Table of Contents

Plugin Worker Scheduling

Sequential Group Execution
Per-Group Timeout
Per-Job-Type Detection Intervals
Scheduler Policy

Detection Flow (Discovering Work)
Execution Flow (Dispatching Jobs)

Slot-Based Capacity Control

Job Lifecycle

Stale Job Expiration
Job Tracking

Worker-Side Processing
Persistence
Concrete Example: Volume Balance
See Also

Plugin Worker Scheduling

This page explains how the admin server discovers, schedules, and dispatches work to plugin workers.

Architecture Overview

                  Admin Server                              Workers
                  ────────────                              ───────
            ┌──────────────────┐
            │  Scheduler Loop  │
            │  (single goroutine)│
            └────────┬─────────┘
                     │
         ┌───────────┼───────────┐
         ▼           ▼           ▼
    ┌─────────┐ ┌─────────┐ ┌─────────┐
    │ vacuum  │ │ balance │ │  ec     │   ← per-job-type detection intervals
    └────┬────┘ └────┬────┘ └────┬────┘
         │           │           │
         ▼           ▼           ▼
   ┌───────────────────────────────────┐
   │        gRPC Bidirectional         │
   │        Streams (one per worker)   │
   └────────┬──────────┬──────────┬────┘
            ▼          ▼          ▼
        Worker A   Worker B   Worker C

All communication between the admin server and workers flows over a single bidirectional gRPC stream per worker (PluginControlService.WorkerStream).

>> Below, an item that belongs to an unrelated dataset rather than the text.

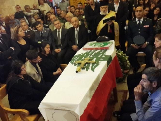 وأمام باب كنيسة القديس جوارجيوس للروم الارثوذكس، قدمت ثلة من رفاق السلاح التحية العسكرية لتقام الصلاة لراحة نفسه في حضور العقيد توفيق يزبك ممثلا وزير الدفاع سمير مقبل وقائد الجيش العماد جان قهوجي، ومثل الرئيس سعد الحريري النائب رياض رحال، في حضور النائب نضال طعمة، اسعد درغام ممثلا النائب العماد ميشال عون، عصام عبد القادر ممثلا امين عام تيار المستقبل احمد الحريري الى ممثلين عن القيادات العسكرية والامنية وقيادات حزبية وفعاليات المنطقة.

This stream carries registration, heartbeats, detection requests, job dispatch, progress updates, and completion reports.

Worker Registration

When a worker starts, it dials the admin server's gRPC port (admin HTTP port + 10000) and initiates a WorkerStream:

Worker sends WorkerHello — contains worker ID, capabilities (which job types it can detect and/or execute), and concurrency limits.
Admin upserts the worker into its Registry and replies with AdminHello (heartbeat interval, reconnect settings).
Admin prefetches job type descriptors from the worker's declared capabilities.

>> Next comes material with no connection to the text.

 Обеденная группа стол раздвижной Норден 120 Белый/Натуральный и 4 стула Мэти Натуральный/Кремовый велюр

Workers send WorkerHeartbeat every ~15 seconds, reporting:

Detection and execution slot usage (used / total)
Currently running work with progress
Queued jobs by type

The registry uses heartbeats to track worker health and available capacity for scheduling decisions.

The Scheduler Loop

A single goroutine (schedulerLoop) drives all periodic scheduling:

loop:
    runSchedulerIteration()
    if hadJobs → loop immediately (stay busy)
    if !hadJobs → sleep until the earliest job type's next detection time

Sequential Group Execution

Each scheduler iteration processes job types one at a time, sequentially. Each job type is a "group" — its detection and all resulting executions run as a single unit before the next job type begins. This ensures job types don't compete for the admin lock or cluster resources simultaneously.

Iteration starts (admin lock acquired)
│
├─ [Group 1] admin_script       (max runtime: 30m, configurable)
│   ├─ detect → find scripts to run
│   └─ execute all detected jobs → blocks until done or timeout
│
├─ [Group 2] erasure_coding     (max runtime: 30m, configurable)
│   ├─ detect → find volumes to encode
│   └─ execute all detected jobs → blocks until done or timeout
│
├─ [Group 3] vacuum             (max runtime: 30m, configurable)
│   ├─ detect → find volumes to vacuum
│   └─ execute all detected jobs → blocks until done or timeout
│
├─ [Group 4] volume_balance     (max runtime: 30m, configurable)
│   ├─ detect → find imbalanced servers
│   └─ execute all detected jobs → blocks until done or timeout
│
Iteration ends (lock released) → sleep until earliest nextDetectionAt

Job types are processed in alphabetical order. Each group only runs if its detection interval has elapsed — groups that aren't due yet are skipped with no cost.

Per-Group Timeout

Each job type group has a configurable max runtime (job_type_max_runtime_seconds, default 30 minutes) that caps the total time for detection + all executions in that group. If the timeout fires, remaining jobs in the group are canceled and the scheduler moves on to the next job type.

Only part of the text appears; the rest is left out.